Access to utility poles have dogged most large-scale Wi-Fi rollouts in the U.S., and I've written about it extensively here. The CPE hassles--the problems in getting a device in the home to receive outside signals--has turned into price instead of an installation problem. McKinley looks at the requirement for truckrolls, where installers come to a home to figure out the right placement of the receiver, but you don't need them; you just need to put a $150 to $300 high-gain Wi-Fi bridge in each home for about $40 to $50. That's a tricky problem.
Incumbent pushback is another well-covered situation on this blog. Incumbents, challenged by wireless, introduced new, cheaper service almost anywhere a wireless network was even begun, and rolled in the excavators to put more wire, fiber, and cable in where service was scarce. A lot of pricing is "limited," "trial," "for new customers," or "promotional," but much of it has lingered far longer than originally stated, too. With a duopoly, the threat of jumping from DSL to cable or vice-versa leads to carriers giving you deals, too.
Finally, the "too little bandwidth, too late to matter" item hits to the heart of where the market is. If you're focused on using Wi-Fi to replace dial-up, it's not too little bandwidth, especially if alternatives don't exist. But with the increasing creep of broadband, we're reaching a point where an ever-shrinking minority of Internet users--often, in fact, minority Internet users--have real interest in something faster than dial-up. I don't mean that people who don't have broadband don't all want it. But rather that studies by Pew and others show that there's a core of users who don't see broadband as needed or desirable; and some that live in circumstances where no wired connection will ever arrive due to cost.

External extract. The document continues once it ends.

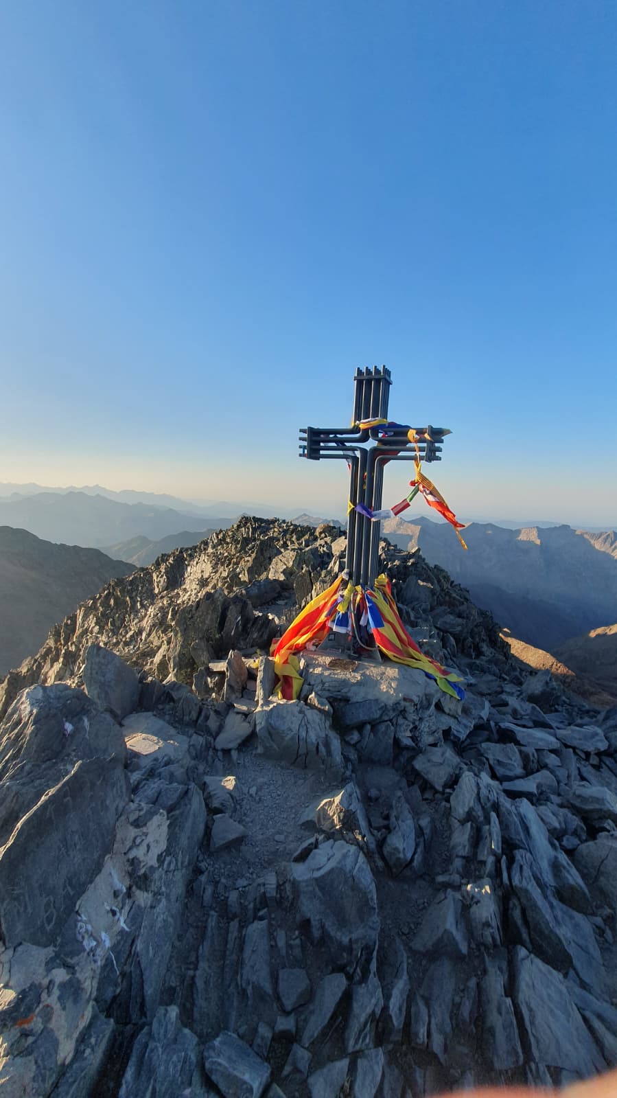 El diumenge afrontem l’ascensió final fins al cim de la Pica d’Estats, seguint l’itinerari clàssic. Durant el recorregut apareixen paisatges d’alta muntanya espectaculars i vistes privilegiades sobre cims com l’Aneto, el Comapedrosa o el Certascan. El recorregut presenta algun tram puntual delicat, com la desgrimpada equipada amb cadenes i alguna gripada després del coll de Sotllo, però en general és una ruta de senderisme d’alta muntanya sense dificultats tècniques destacables.
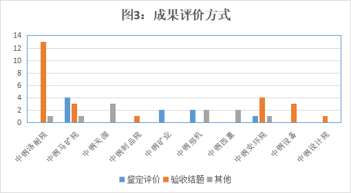 2021年中钢集团登记入库的科技成果,其评价方式以鉴定评价、验收结题、其他评价方式为主。其中,鉴定评价多为外部权威机构评价;验收结题一般是承担国家、省部级计划的课题组组织评价或本企业借助专家组评审组织评价;其他方式以外部机构评估、评价为主。各所属企业成果评价方式见下图3。

That is, with more and more people having broadband access, there is a smaller pool of people who want to have it and can have it. The intersection of want and can is where Wi-Fi was supposed to fit in for residential users. That intersection shrinks every day.
So while Wi-Fi networks can't deliver broadband-competitive speeds, they are highly competitive with cellular 3G networks when outdoors. In the best-designed city-wide Wi-Fi networks, Novarum found that Wi-Fi service was faster than 3G. McKinley states that 3G is down to the $20 to $30 range, but I've never seen true 3G--faster than EDGE--at those rates. $40 per month with a smartphone bundle and $60 per month with a two-year commitment for a PC Card is more typical. And cell companies strictly limit how their networks are used due to scarce spectrum.
The one niche that Wi-Fi networks seem to have a real competitive edge is in mobile access at broadband speeds. The introduction of mobile WiMax in its real form next year, and 700 MHz networking in two or three years could change that market model. But as long as Wi-Fi is cheaper, less fettered, and truly mobile, it may still have an edge--it certainly has one right now, but almost no network was built with this particular model in mind.